On that note, I'm going to go wipe down the shelves of my open cupboards for the two hundredth time this year and see if I can't rustle up a few more objects of kitchen clutter to donate to the Goodwill Store. Maybe for old time's sake, I'll fill my high efficiency washer with regular old laundry soap to see if I can successfully fill our basement with soap suds in honor of my dad. While my son naps, and I patiently wait to see if out-of-control suds monsters start to climb up the basement stairs, I'm going to sit down and write a letter to those folks at Ikea. As I am sure you might guess, I am recommending the removal of open cupboards from both their catalogues and their store displays. It's the right thing to do, lest some poor unsuspecting newlywed couple blow their budget on a trendy set of open cabinets that I promise they will rapidly regret installing even if they seem like a good idea at the time of purchase.

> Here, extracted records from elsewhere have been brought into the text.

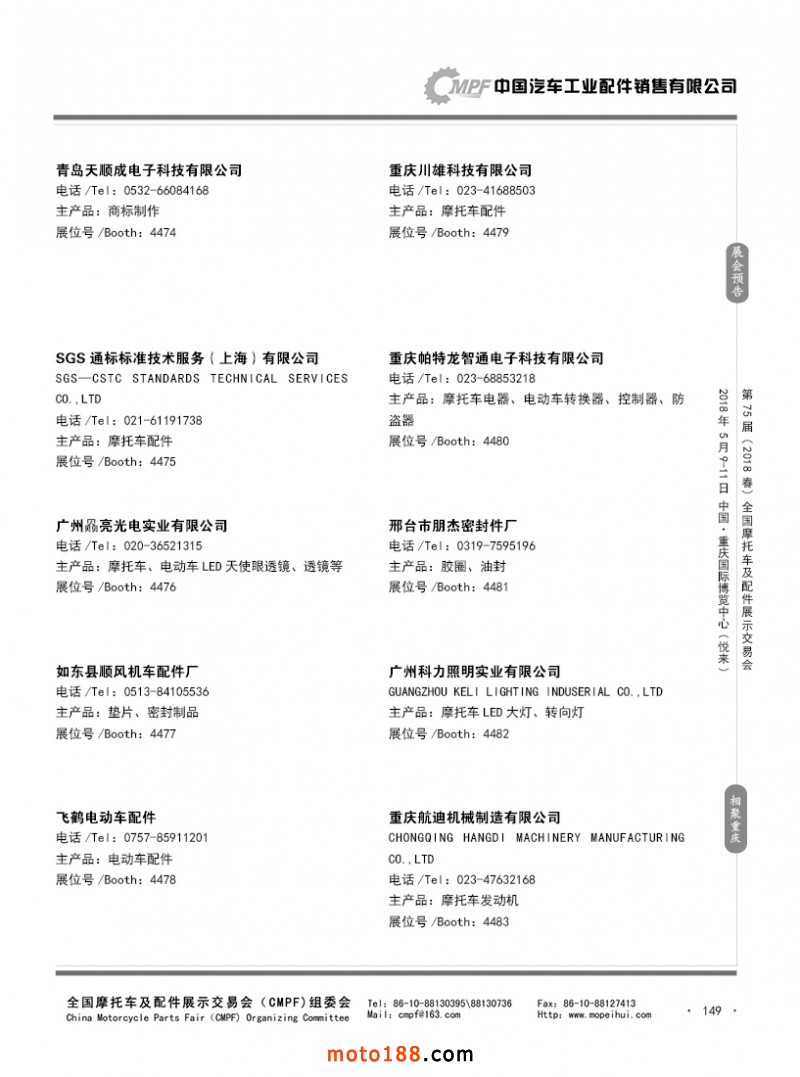 內(nèi)149 第74屆(2017秋)全國摩托車及配件展示交易會-廣州站參展企業(yè)名錄
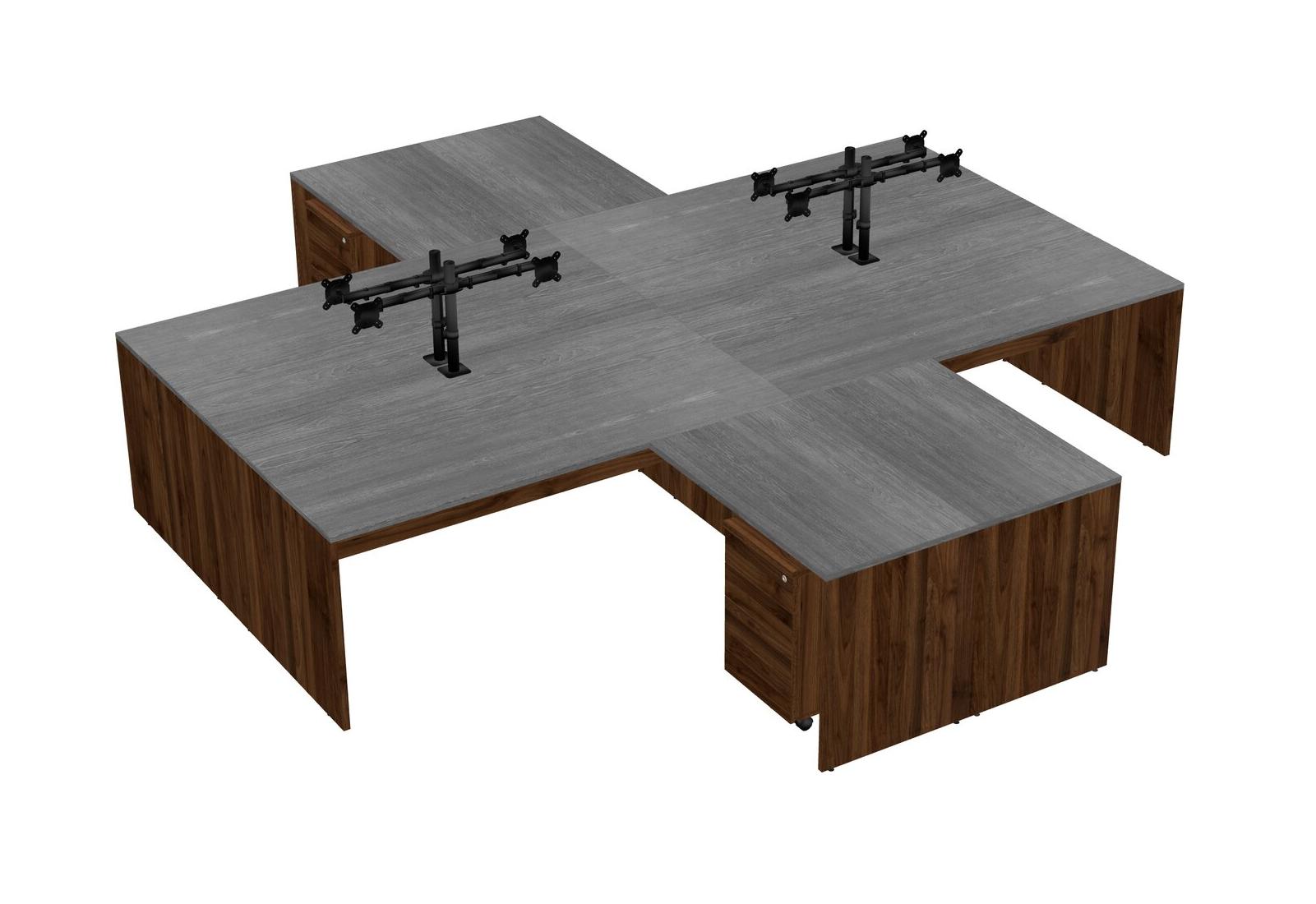 Bureaux Gris En Forme De L Avec Bras D'écran Noir (bras Doubles)
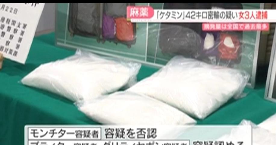 三人涉嫌在一架从新加坡飞往福冈机场的飞机上携带三个装有42公斤氯胺酮的行李箱,。氯胺酮用T恤和其他衣服包裹住,并在每个行李箱里放三到四个袋。 针对警方的调查,嫌疑人否认了指控,称“是我带来的,但它不是我的”,并在随后的调查中保持沉默。 另一人也否认了指控,称“我不知道里面有什么”,但在随后的调查中又说,“我知道这是一种毒品”。 三人中有一人承认了指控,说:“我承认这是一种非法药物”。 警方正在调查是否存在团伙参与。
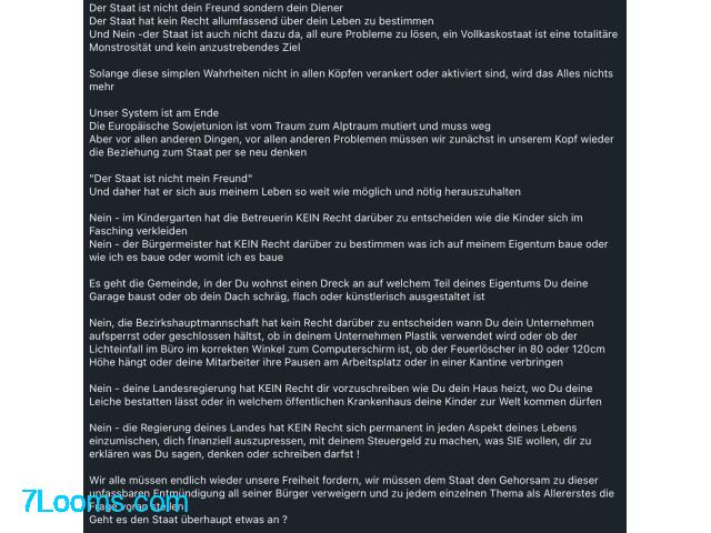Wir alle müssen endlich wieder unsere Freiheit fordern, wir müssen dem Staat den Gehorsam zu dieser unfassbaren Entmündigung all seiner Bürger verweigern und zu jedem einzelnen Thema als Allererstes die Frage voran stellen
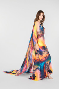 ID: UWT108-RYN98-D2394 This long dress with Itaca Print captures the essence of sophisticated and timeless elegance. The fluid design and integrated cape create a sinuous movement, perfect for special occasions. The model is 178 cm tall and wears size S / 40. Details - Elegant design with integrated cape - Exclusive Itaca print - Ideal for evening events and special occasions - Made in: Italy - Perfect paired with jeweled sandals and clutch - Cut-out design at the waist Care & maintenance External fabric:100% Silk / Secondary fabric:100% Silk
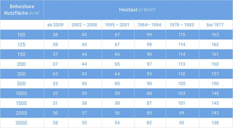 Eine andere Möglichkeit wird durch die DIN EN 15378 gegeben, in Abhängigkeit von der beheizbaren Nutzfläche und dem Gebäudebaujahr eine Heizlast je m² Wohnfläche zu ermitteln. Aber auch diese Methode kann stark fehlerbehaftet sein, da keinerlei Berücksichtigung des Nutzerverhaltens und mögliche durchgeführte Sanierungsarbeiten.
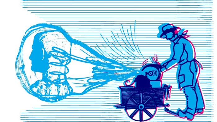 physique sont au service de l'imaginaire, où la science devient support du rêve par la grâce de curieuses inventions optiques : un Miroir liquide, le Cyclope... Les Rémouleurs sont les ingénieurs allumés de machines à rêves, les inventeurs d'un univers scénique où Jules Verne s'acoquinerait avec Jérôme Bosch. Les Suites 4 & 5 pour violoncelle de Jean-Sébastien Bach entrent également en jeu, tel un motif qui s'additionne aux
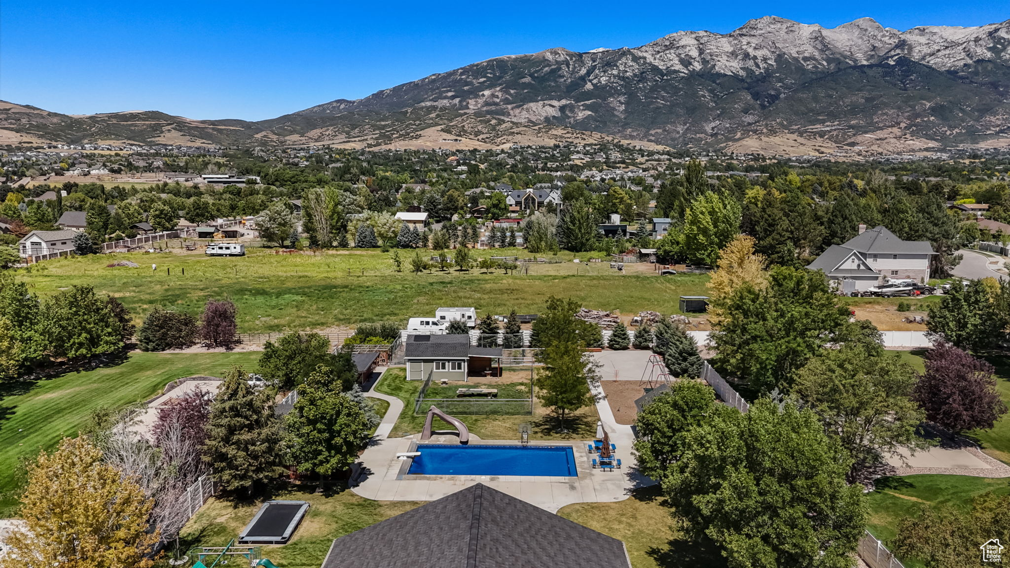 Multiply Offers***Send your Best Offer by September 29th@5:00*** Your Dream Gathering Place Awaits***Look no further - this is the home that truly has it all. From breathtaking views of the majestic mountains to the luxury of privacy and space, in an unbeatable location, this residence was designed for living, entertaining, and making memories. Picture summer evenings by the pool, surrounded by those you love, in a home that welcomes every occasion. This remarkable 5,070 sq. ft. retreat features: 8 spacious bedrooms and 3.5 bathrooms. A versatile basement apartment - perfect for guests, rental income, or multi-generational living. Storage galore with generous closets ready to be filled. Solar panels for energy efficiency. A private yard designed for pets, play, and your dream garden. It's more than a house - it's a place to gather, grow, and enjoy life to the fullest. See for yourself the warmth, space, and happiness this incredible home has to offer. Schedule your private showing today - homes like this don't come around often! Key Features: Instaheater Water Heater. The pool is 20 x 40, with a 4' shallow end and a 9' deep end. Windows and HVAC have been updated in the last 10 years. Square footage figures are provided as a courtesy estimate only and were obtained from the County Records. Buyer is advised to obtain an independent measurement. Buyer backed out before any due diligence was done.
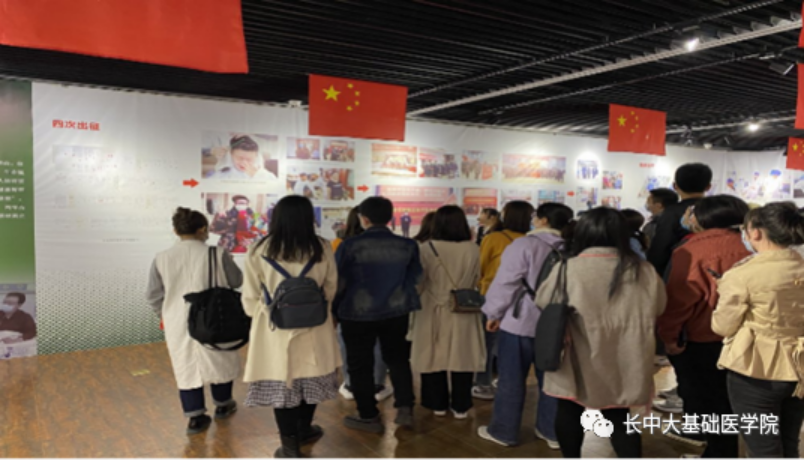 参观期间,党员们在讲解员的带领下,依次走过了“党旗飘扬”“长中力量”“使命担当”“中医智慧”“合格答卷”“战疫英雄”6个主题展区,每一位党员都认真观展,用心聆听。欧博abg官方网站党委积极响应党中央的号召,组织各方力量开展防控,欧博abg官方网站师生积极参与,将“人民至上、生命至上”的理念贯穿始终,一次次逆风而行,闯入疫情的“暴风眼”。那摁满红手印的请战书,为更好的与疫情搏斗而剪下的长发,让观展的党员们长久注目。
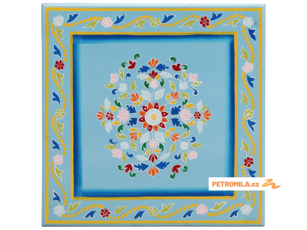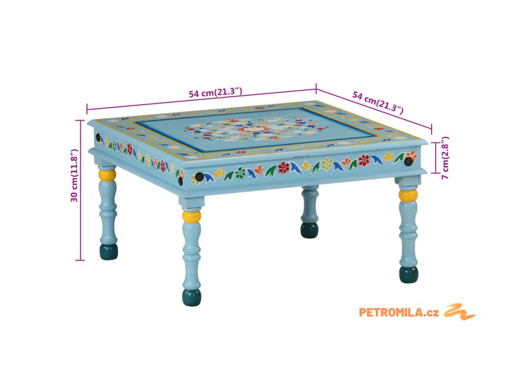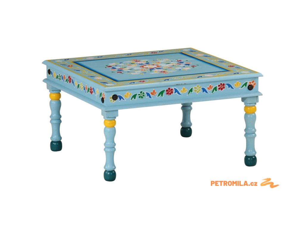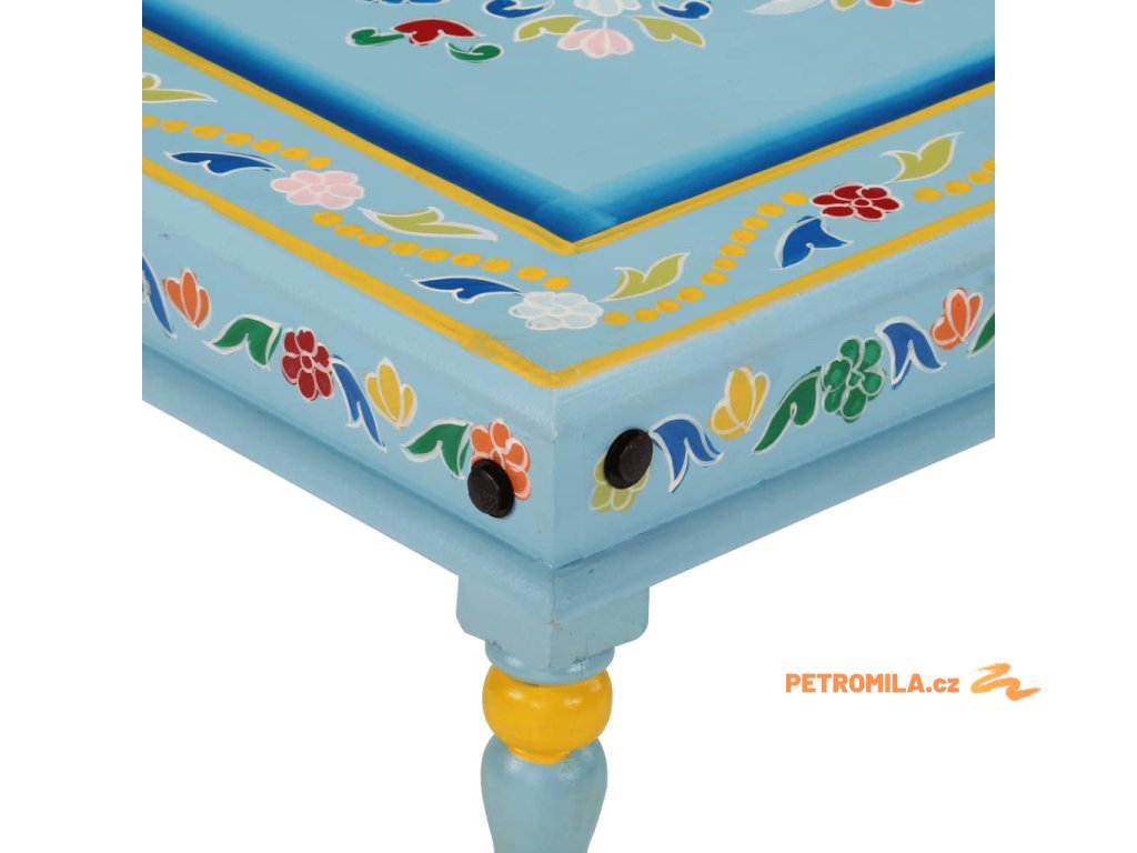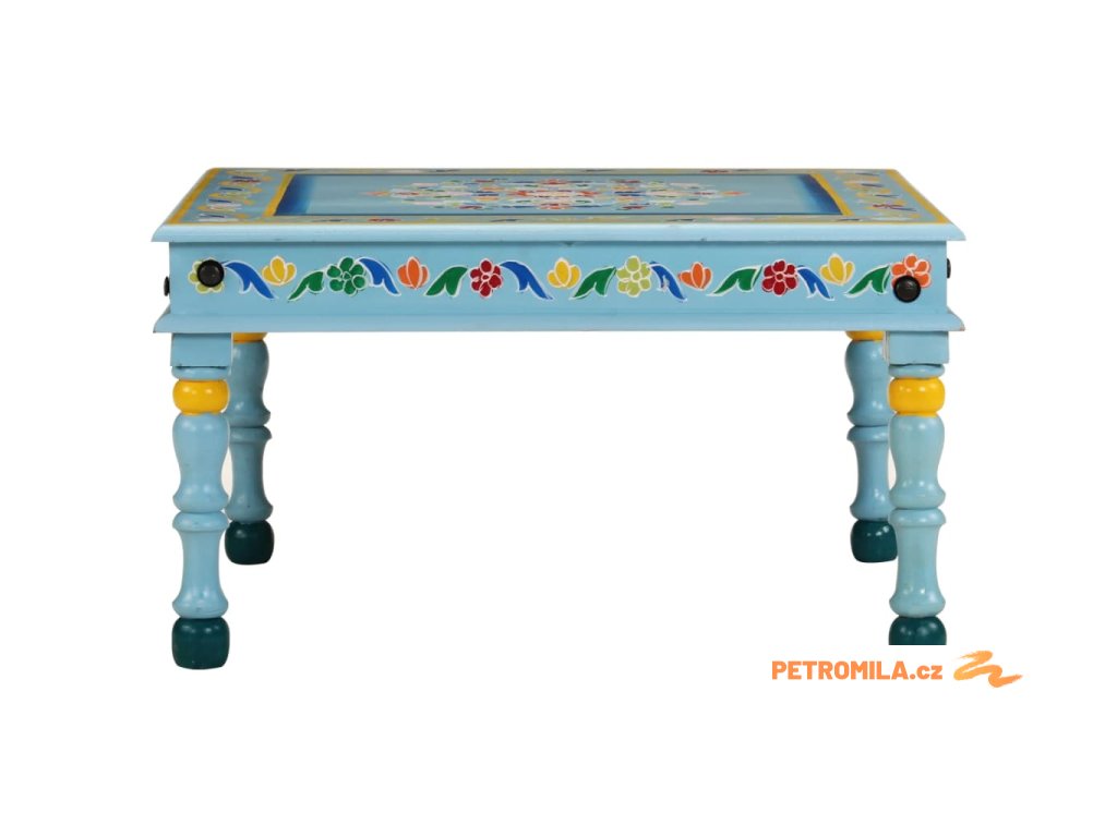 Konferenční stolek tyrkysový ručně malovaný masivní mangovník

Unless of course they happen to be the kind of couple who can comfortably afford to hire someone to clean their kitchen for them. Then they can install as many open cupboards as they like because the responsibility of keeping them clean and tidy will fall entirely on someone else. In fact, I am certain that their hired help will be happy to clean every single item on every open shelf in the house as often as they request because the lovely couple is paying them to do just that. I just hope they're not surprised if one day they discover via nanny cam, that the housekeeper has actually been scrubbing their favorite crystal wine glasses in the toilet bowl using the bossman's or bosslady's toothbrush. After all, it doesn't matter to the cleaning person, they're wearing gloves and they don't typically drink wine at the house of their boss, not out of a glass anyway. Why dirty a glass when you can take a swig right from the bottle? And the hired help certainly isn't about to use their employer's toothbrush. Gross, that thing has been in the toilet! Of course, everyone is free to make their own home decorating choices, but when it comes to deciding to place open cupboards in your kitchen, you can't say that no one warned you!